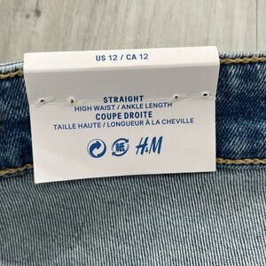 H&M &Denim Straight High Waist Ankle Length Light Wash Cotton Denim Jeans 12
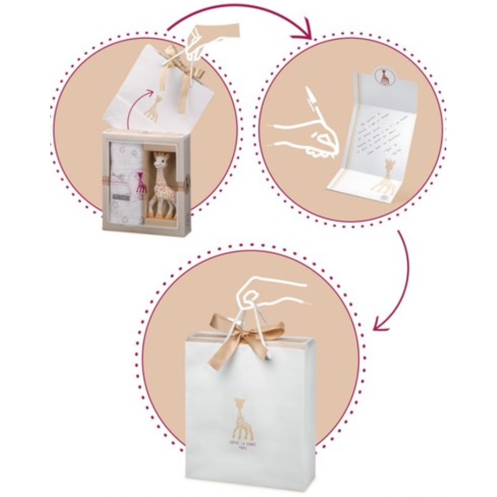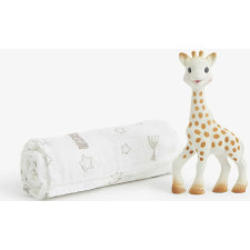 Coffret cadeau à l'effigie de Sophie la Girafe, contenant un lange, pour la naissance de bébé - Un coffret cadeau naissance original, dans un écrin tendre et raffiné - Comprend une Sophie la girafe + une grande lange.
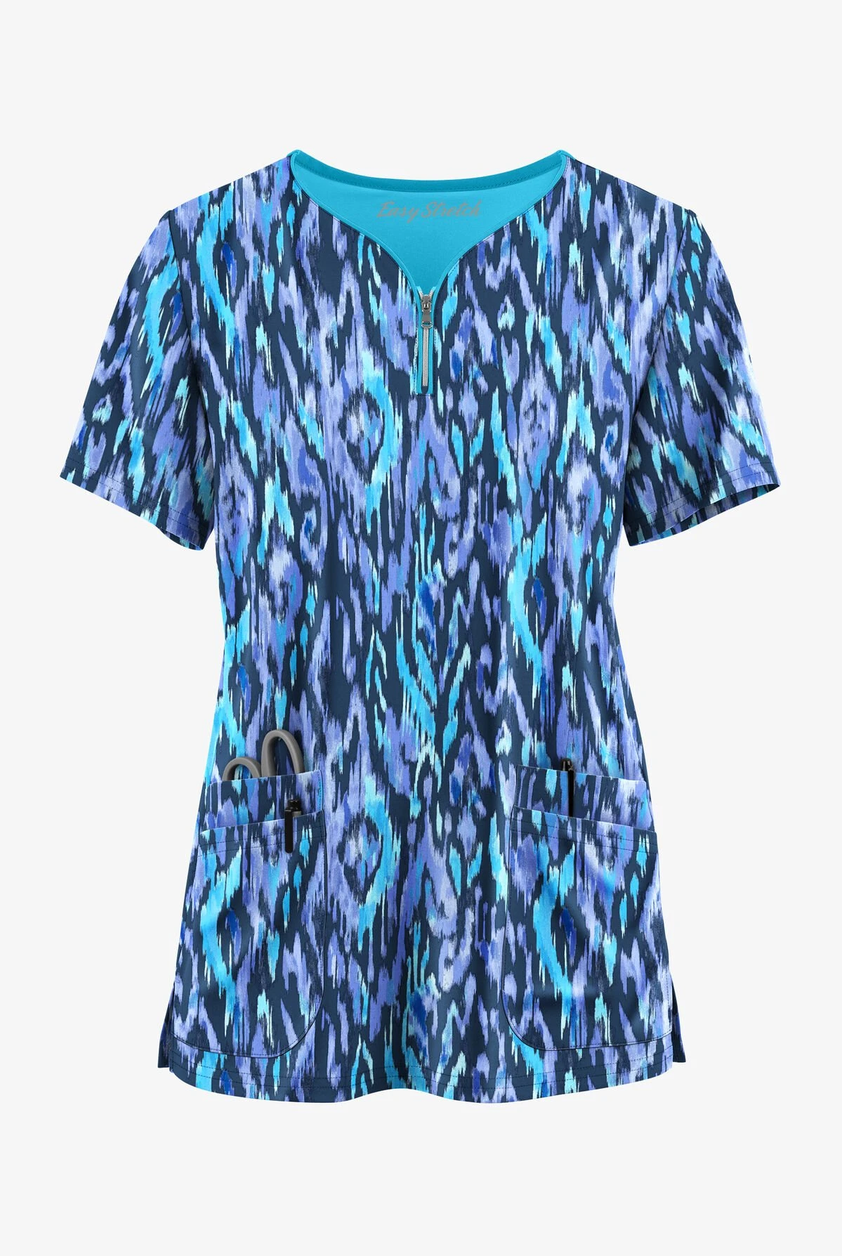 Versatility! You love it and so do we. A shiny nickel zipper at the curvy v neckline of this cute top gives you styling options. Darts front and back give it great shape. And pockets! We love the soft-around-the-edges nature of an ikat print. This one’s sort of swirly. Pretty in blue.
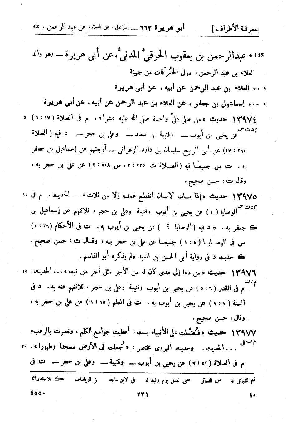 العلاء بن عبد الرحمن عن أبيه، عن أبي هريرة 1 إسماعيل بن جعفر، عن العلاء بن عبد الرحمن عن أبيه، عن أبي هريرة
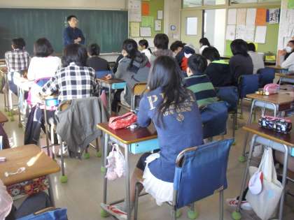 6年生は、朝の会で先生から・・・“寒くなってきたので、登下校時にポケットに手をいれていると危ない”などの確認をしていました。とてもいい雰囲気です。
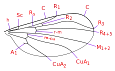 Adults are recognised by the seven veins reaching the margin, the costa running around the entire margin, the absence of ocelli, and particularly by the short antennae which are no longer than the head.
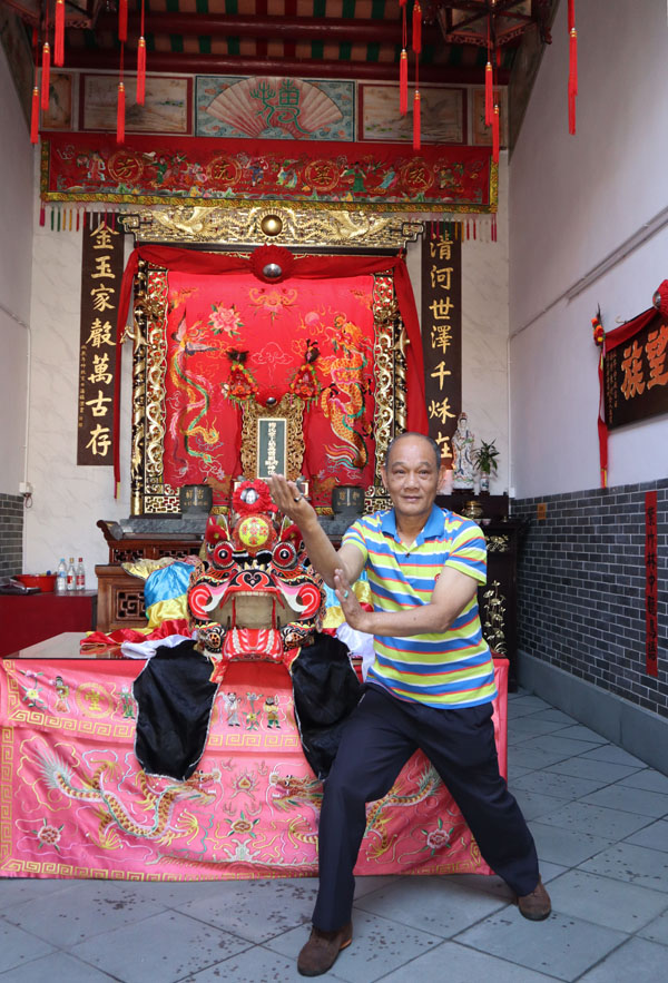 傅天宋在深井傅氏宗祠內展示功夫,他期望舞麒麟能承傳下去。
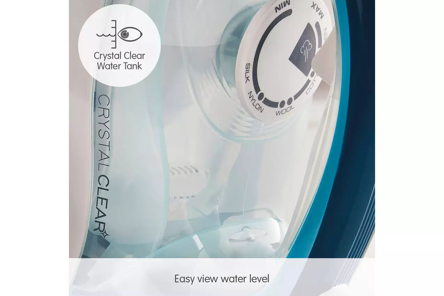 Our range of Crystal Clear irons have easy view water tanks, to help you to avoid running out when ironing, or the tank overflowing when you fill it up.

════════════════

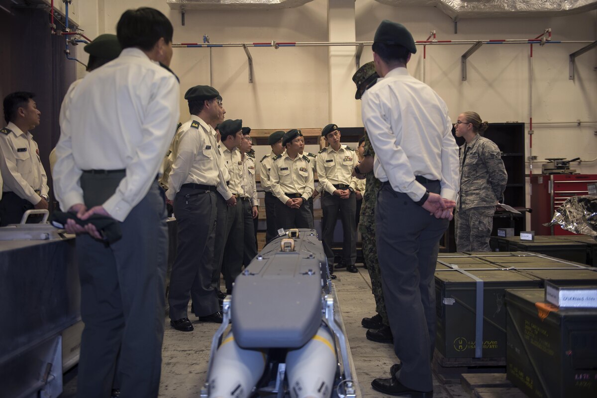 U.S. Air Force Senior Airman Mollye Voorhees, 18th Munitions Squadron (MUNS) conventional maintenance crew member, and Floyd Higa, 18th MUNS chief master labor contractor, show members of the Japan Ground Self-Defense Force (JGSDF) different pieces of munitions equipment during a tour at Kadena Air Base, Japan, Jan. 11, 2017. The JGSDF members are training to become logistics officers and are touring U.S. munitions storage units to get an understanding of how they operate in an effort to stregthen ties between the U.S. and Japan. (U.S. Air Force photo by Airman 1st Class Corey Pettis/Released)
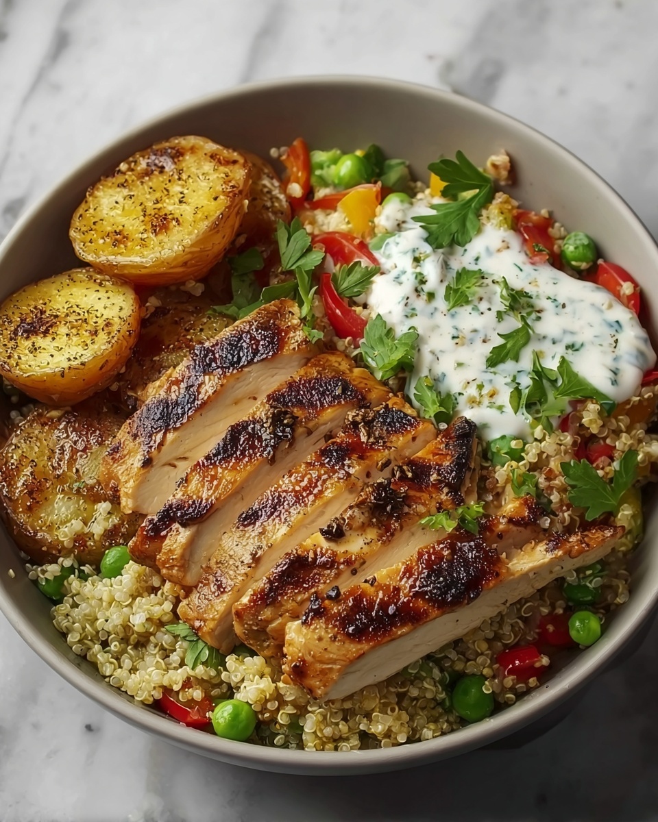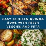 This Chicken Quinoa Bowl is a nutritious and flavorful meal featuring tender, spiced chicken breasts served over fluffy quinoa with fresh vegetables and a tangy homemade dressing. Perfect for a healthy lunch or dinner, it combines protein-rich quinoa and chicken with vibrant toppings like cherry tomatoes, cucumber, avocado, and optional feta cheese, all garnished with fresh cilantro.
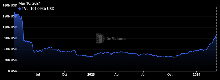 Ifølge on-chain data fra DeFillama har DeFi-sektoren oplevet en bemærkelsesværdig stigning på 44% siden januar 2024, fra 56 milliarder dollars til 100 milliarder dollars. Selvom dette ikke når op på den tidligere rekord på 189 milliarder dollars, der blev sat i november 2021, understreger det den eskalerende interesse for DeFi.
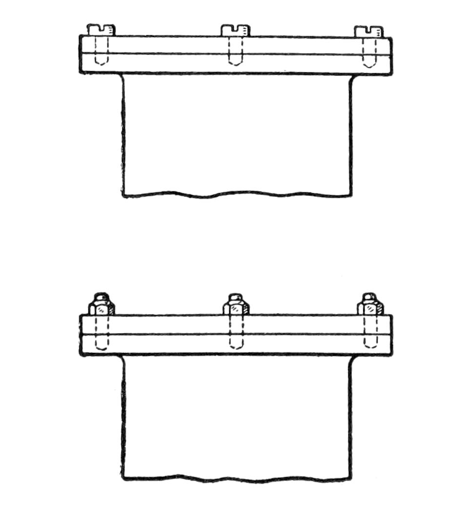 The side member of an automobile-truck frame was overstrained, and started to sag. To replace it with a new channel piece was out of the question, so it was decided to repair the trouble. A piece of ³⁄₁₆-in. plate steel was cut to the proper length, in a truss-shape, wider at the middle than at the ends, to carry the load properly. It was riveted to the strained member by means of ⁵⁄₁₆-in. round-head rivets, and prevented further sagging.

════════════════

§ Task: Above are the records; copy from them only the lines starting at the one containing "Adults are recognised" and ending at the one containing "Our range of", exactly and without pictures.

§ Exercise solution:
 Adults are recognised by the seven veins reaching the margin, the costa running around the entire margin, the absence of ocelli, and particularly by the short antennae which are no longer than the head.
 傅天宋在深井傅氏宗祠內展示功夫,他期望舞麒麟能承傳下去。
 Our range of Crystal Clear irons have easy view water tanks, to help you to avoid running out when ironing, or the tank overflowing when you fill it up.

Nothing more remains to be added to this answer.